- Polio workers shot dead on Sunday in northwest Pakistan
- Female suicide bomber attacks bus with women on it, source tells CNN
- Pakistani official thinks "homegrown terrorists" may be responsible
- Officer dies in bombing of Pakistan founder's home
Militants, including a female suicide bomber, attacked a university bus carrying women in southwestern Pakistan and then struck a hospital where the survivors were taken for treatment, authorities said Saturday.
The militants laid siege to the Bolan medical complex in Quetta, holding hundreds of patients, physicians and nurses hostage as they battled security forces, authorities said.
An intelligence official, who requested anonymity since he was not authorized to speak to media, told CNN a female suicide bomber carried out the bus attack.
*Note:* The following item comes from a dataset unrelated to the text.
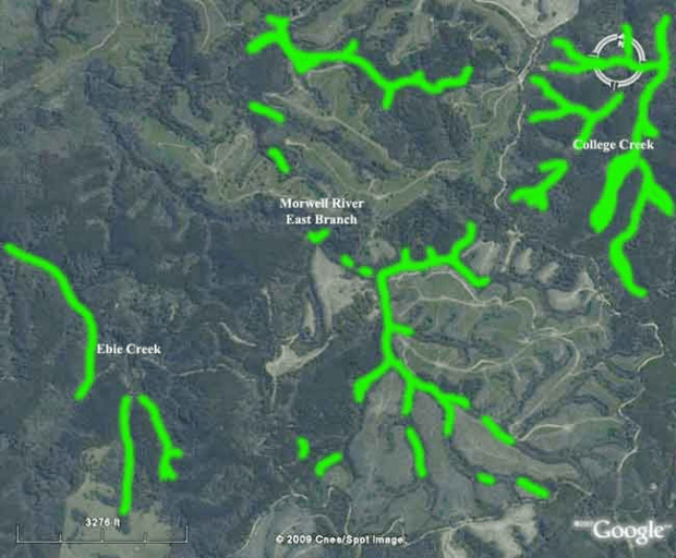 Strzelecki Ranges Morwell River East Branch, with cool temperate rainforest marked in green. The rainforest in the Morwell River East Branch catchment is of regional conservation significance and should have been granted eucalypt buffers of at least 60m. Instead Hancock have granted buffers <20m. All of the catchment has been logged since 2004, and all has been logged under FSC certification. Endemic reforestation containing Mountain Ash, has been converted to Shining Gum, a non-endemic species in the Strzeleckis.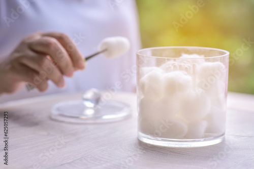 Absorbent cotton balls and cutton sawbs in cotton container with morning sunrise background. This cotton is used medical purposes in hospital and nursing home to cleaning the skin, bathing wounds etc

Twenty-eight people, including four militants, were killed in the siege at the hospital. The gunmen killed four security force members, a medical administrator, and the deputy commissioner of Quetta. Four nurses died in the crossfire, police said. Two militants blew themselves up, and two more died in a shootout, authorities said.
Among the hospital patients were more than 20 people wounded in the university bus explosion, which killed at least 14 women, Interior Minister Chaudhry Nisar Ali Khan said.
Several others were wounded in another blast tphat struck near the hospital's emergency room as the bus bombing victims were rushed in.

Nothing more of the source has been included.